Emperorizzis/ASTRA-32B-Thinking-v1
Emperorizzis/ASTRA-32B-Thinking-v1 is a 32 billion parameter language model derived from Qwen3-32B, specifically optimized for multi-step, tool-augmented tasks. It features enhanced agentic capabilities for complex tool use and structured reasoning, with a context length of 32768 tokens. This model excels in scenarios requiring automated synthesis of agentic trajectories and reinforcement learning, achieving state-of-the-art performance on the BFCL-V3 multi-turn subset.
Loading preview...
ASTRA-32B-Thinking-v1 Overview
ASTRA-32B-Thinking-v1 is a 32 billion parameter model, based on Qwen3-32B, designed for advanced agentic capabilities. It specializes in multi-step, tool-augmented tasks, demonstrating enhanced performance in complex tool use and structured reasoning. The model's development is detailed in the paper "ASTRA: Automated Synthesis of agentic Trajectories and Reinforcement Arenas".
Key Capabilities
- Optimized for Agentic Tasks: Specifically fine-tuned for scenarios requiring sophisticated multi-step reasoning and tool integration.
- Enhanced Tool Use: Leverages an extensive tool pool (19,036 tools across 41 domains) for generating realistic and parameter-satisfiable tool-chains.

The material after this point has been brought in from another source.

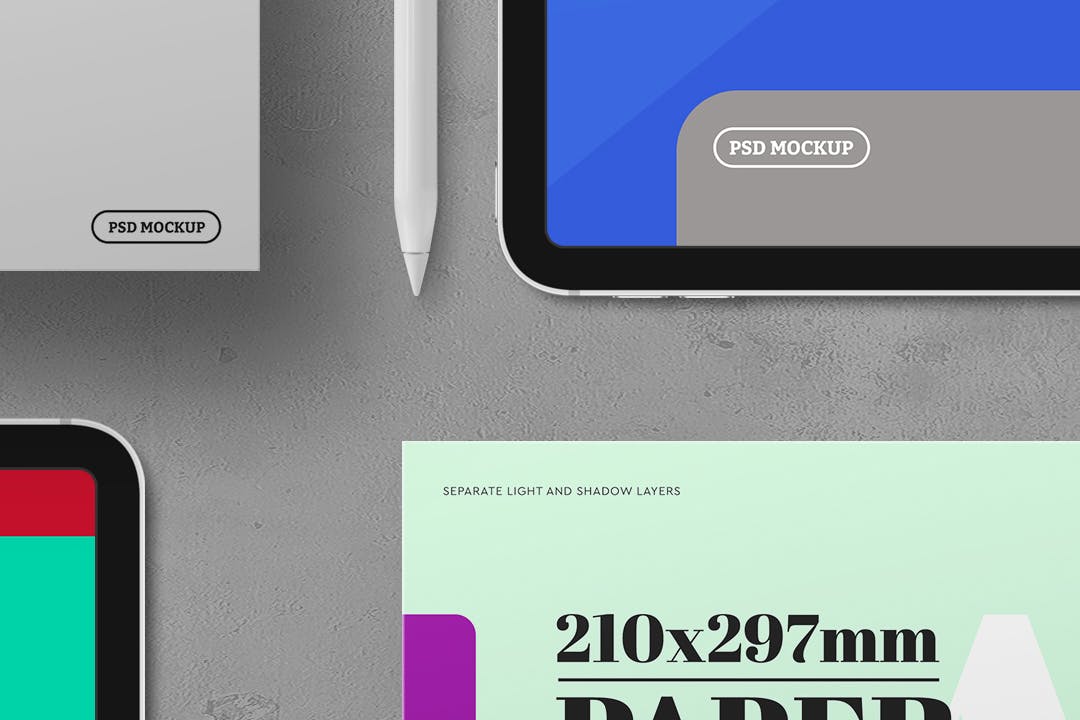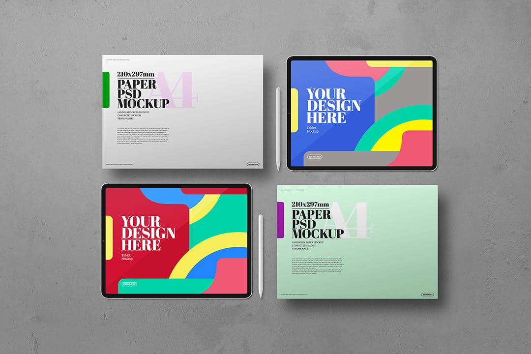 该A4横向尺寸海报&iPad样机素材将帮助您改善演示文稿或任何其他项目。在这里您可以找到高质量的图像,以高分辨率拍摄。所有对象、灯光和阴影都被单独分开。通过智能对象可以轻松编辑样机。非常适合印刷和网页设计,用质量和专业使您的客户感到惊讶!

- Reinforcement Learning with Verifiable Rewards: Utilizes automated verifiable environments synthesized in Python, providing multi-turn, step-wise verifiable training signals.
- Strong Performance: Achieves state-of-the-art results on the BFCL-V3 multi-turn subset at comparable model scales.
Good for
- Developing AI agents that require complex, multi-step decision-making.
- Applications involving tool-augmented reasoning and automated task execution.
- Research into agentic AI, reinforcement learning with verifiable environments, and automated trajectory synthesis.